In these studies, it was reported that the favourite tactic of the Mujahedeen guerrillas was to interdict the movement of troops and supplies of all types over the limited road network throughout Afghanistan. Interestingly, that was also a favourite tactic of the Viet Minh in French Indo-China during the 1950s, with epic convoy battles on the infamous RC4, with accounts chillingly similar to those written by Russian troops twenty years later.
Unsurprisingly, this carried over into the Vietnam conflict with both the Viet Cong and the NVA adopting the same tactics. In 1968, however, after a major loss, it was then realised that, far from being a drag on operations, convoy and route protection should be used as an opportunity to bring the enemy to battle on favourable terms, defeating them in detail in the war of attrition that characterises counterinsurgency operations.
As was later recounted in the current counterinsurgency doctrine, "A change in thinking about a logistic problem converted the perception of convoy operations from an unglamorous defensive activity into a valuable opportunity to offensively engage elusive insurgents."
What is staggering, therefore, is that in 2008, thirty years after the Russian experience, and forty years after US tactics were adjusted to deal with similar threats, our modern, technological, "superbly equipped" coalition forces are still getting caught out.
It is not that the Taleban have suddenly adopted new, especially effective tactics. They are simply doing what the Mujahedeen did before them and, before that, the Viet Cong and the Vietminh. What has changed is that our own forces have forgotten the lessons of their own history, and ignored the lessons and experiences of others, even to the extent – with the Americans – of their ignoring their own doctrine manual.
So it is with the "take and hold" strategy which the British so proudly proclaim and hold up as an example of progress in Lashkah Gar. The Taleban simply move in, in "mufti", change their tactics and prepare to wait for the day when some anonymous bean counter decides that the level of troops is no longer needed. Then, the Taleban, who never left and never changed, simply pick up their weapons and takeover … again.
As we write in our latest response to the troubled "Praetorian", success in dealing with insurgencies comes when people begin to see the balance of advantage in supporting the government as greater than in supporting (or tolerating) the insurgency.

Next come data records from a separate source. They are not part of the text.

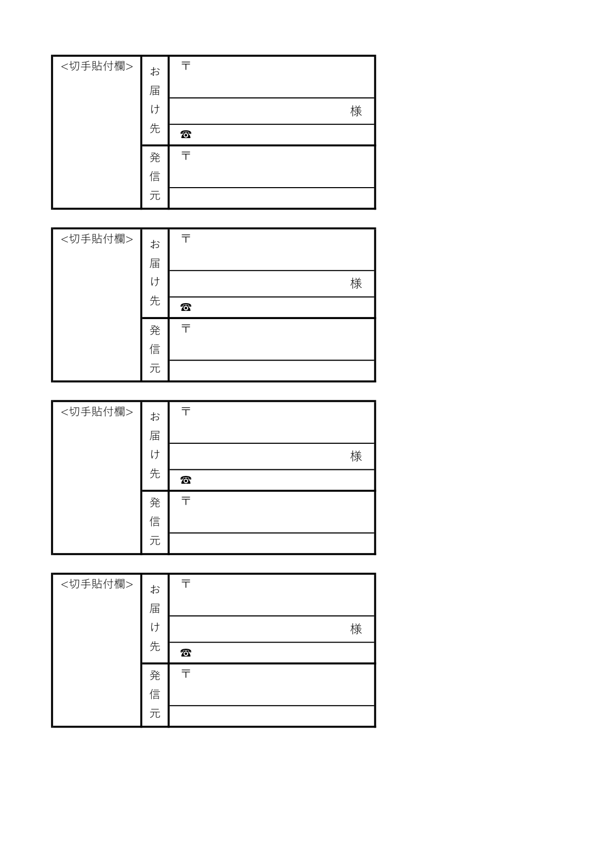 宛名ラベル A4横・4枚 のテンプレート・Word無料のビジネス書式テンプレート。
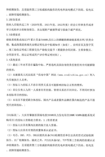 標(biāo)段二:大慶市肇源縣國瑞電投200MW風(fēng)力發(fā)電項(xiàng)目20MW/40MWh儲能系統(tǒng)采購項(xiàng)目
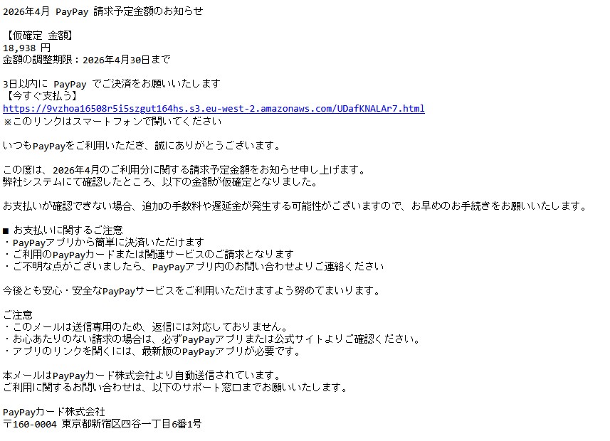 「この度は、2026年4月のご利用分に関する請求予定金額をお知らせ申し上げます。」
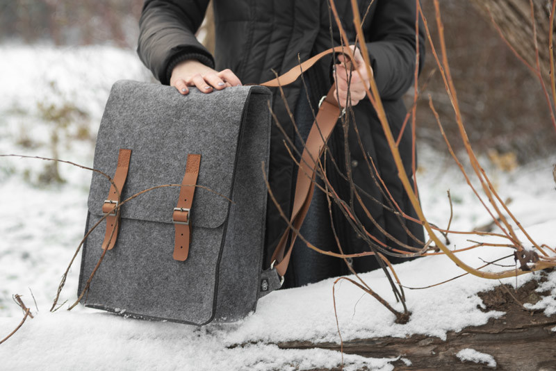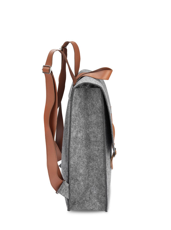 The FELT2GO backpack is distinguished by its unique design and modern form. Its timeless rectangular shape of felt pocket, enriched with contrasting details of leather-like material (PU), gives it a designer and original character. This unique backpack was created with aesthetics and functionality in mind. Made from recycled rPET felt with leather-like material details.
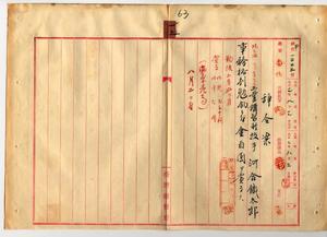 一五 台湾総督府工業講習所長矢口玉五郎ノ内申ニヨリ病気危篤に陥リタル台湾総督府工業講習所技手河合鉄太郎ニ事務格別勉励ニ付キ一時金ヲ賞与ス(秘甲第一二二三号)
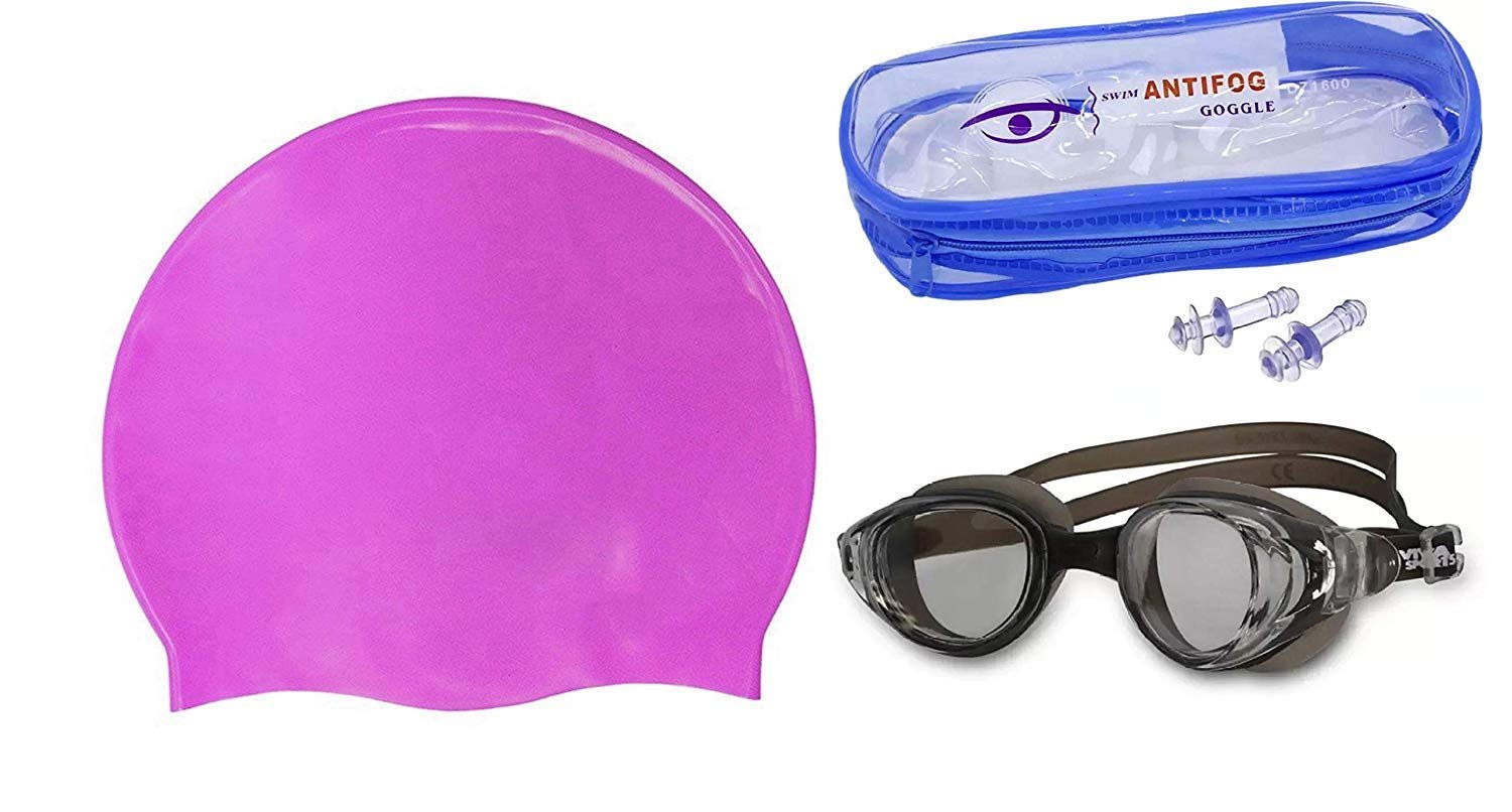 Swimming Goggles, Cap, Ear Plugs Kit
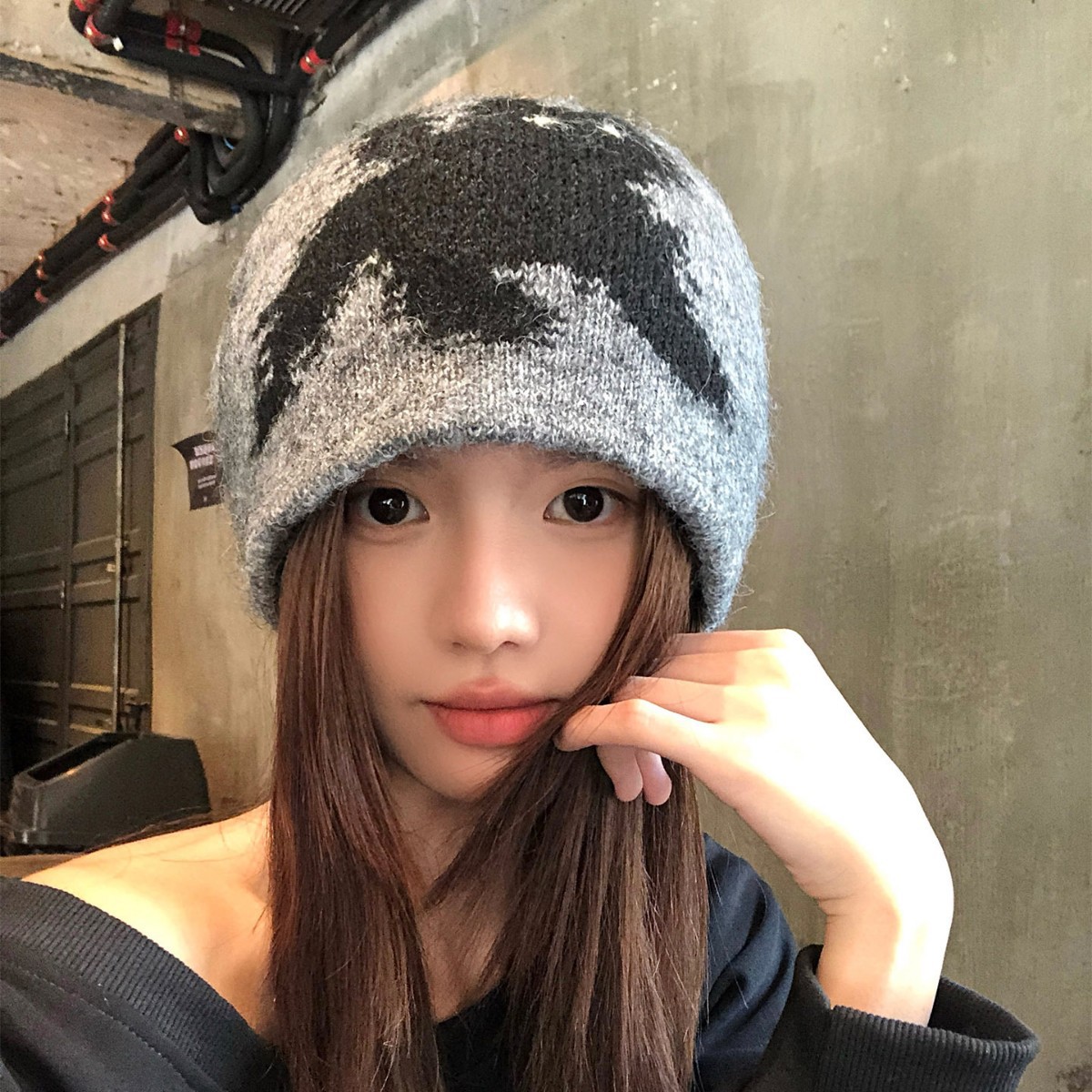韩版灰色堆堆帽女秋冬街头潮酷针织帽冷帽保暖显脸小护耳包头帽子
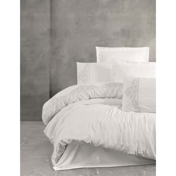 Луксозен спален комплект от 6 части в бял цвят - 100% сатениран памук, 210 ТС
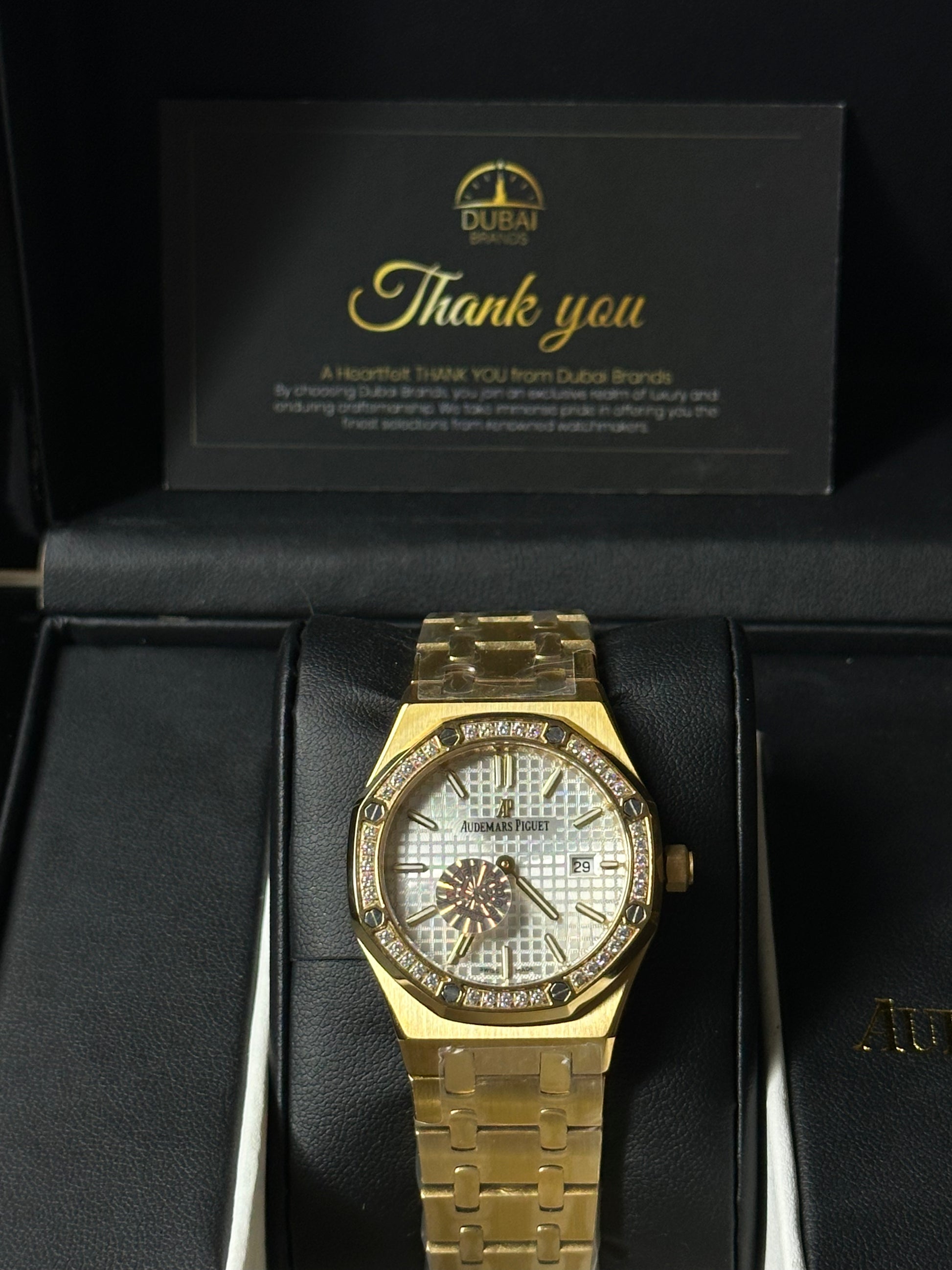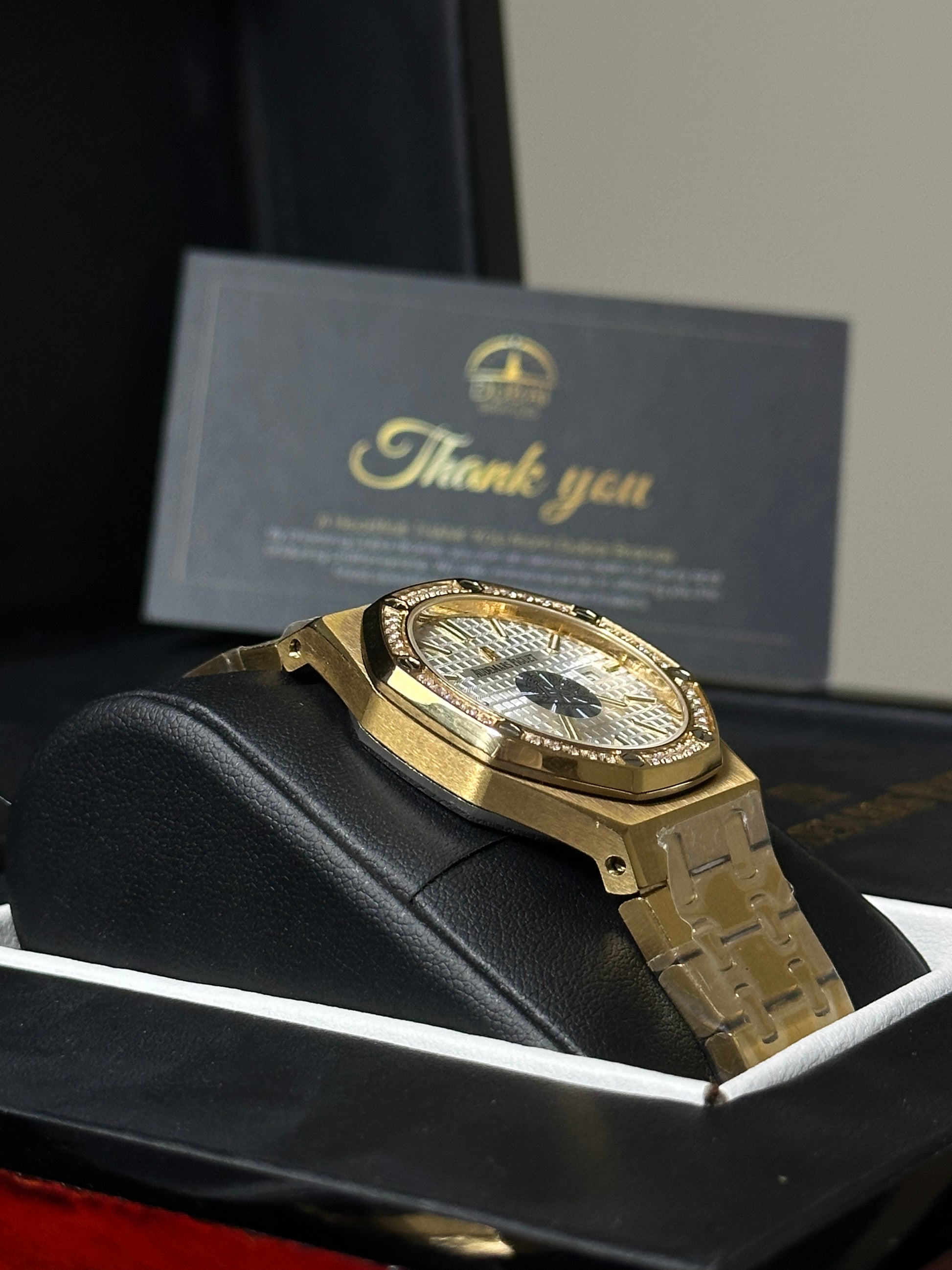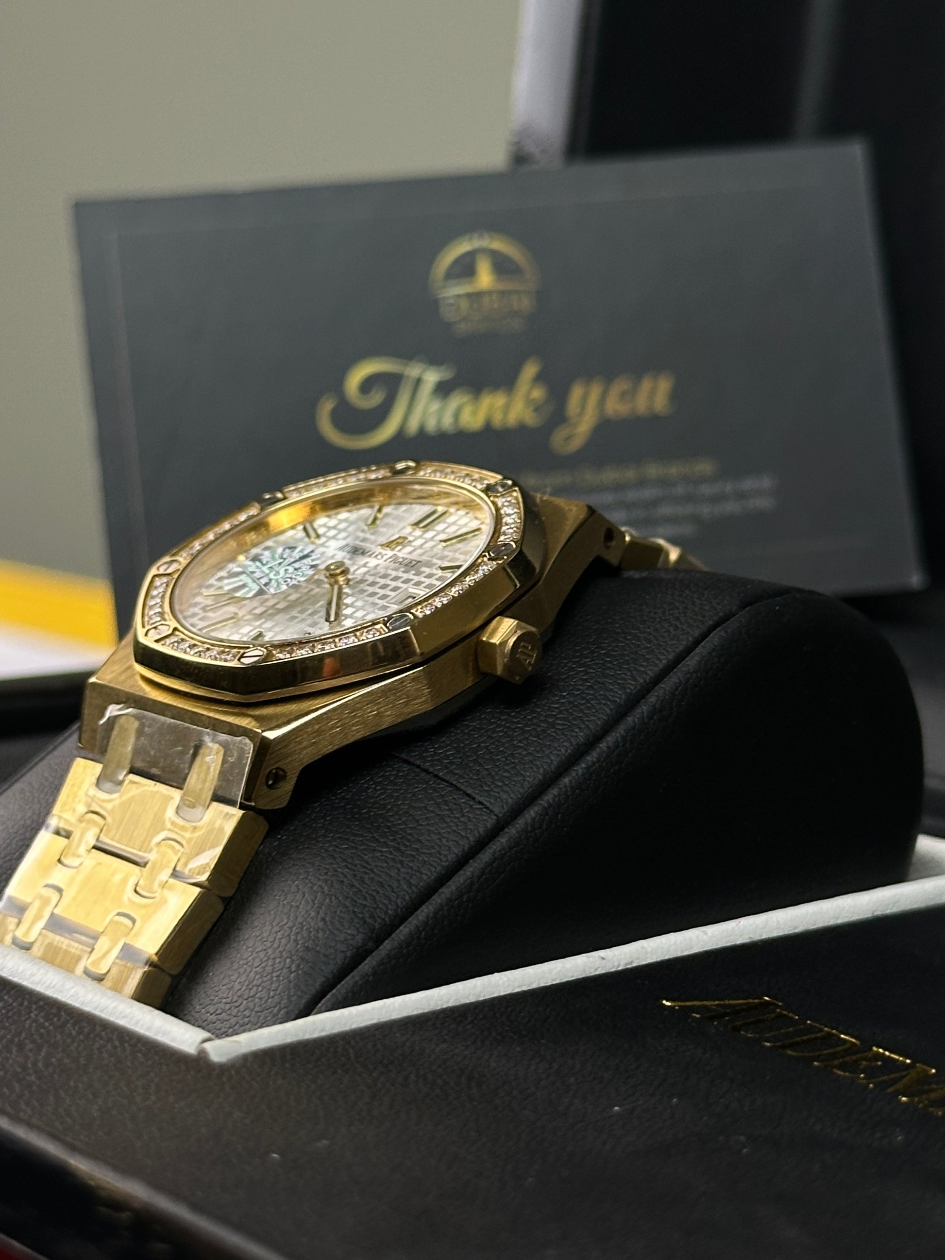 Audemars Piguet Royal Oak – Gold Tone with Diamond Bezel & White Tapisserie Dial

If on the one hand, the people see the coalition forces creating their "security bubbles" in the towns, which merely create the conditions for the drug lords to flaunt their wealth, while the Taleban range freely, practising their extortion, kidnap and intimidation under the noses of the authorities; if the people see that the coalition cannot even protect the main transport routes; and if the people see the rural hinterland become the playground for free-range F/A-18C Hornets and the like, this is not an insurgency which is going to be defeated.
Such is the situation though that any "debate" requires us to agree wholeheartedly with the authorities, otherwise you are branded "negative" and "defeatist". On the other hand, we see political and public disengagement, media indifference, and MoD concealment, plus criminally inept strategy and procurement.
Meanwhile, we have allowed ourselves to become a bit player in our own destiny and our national security is now entirely in the hands of the United States. And their answer is, another day, another GBU – with, all too often, dire results.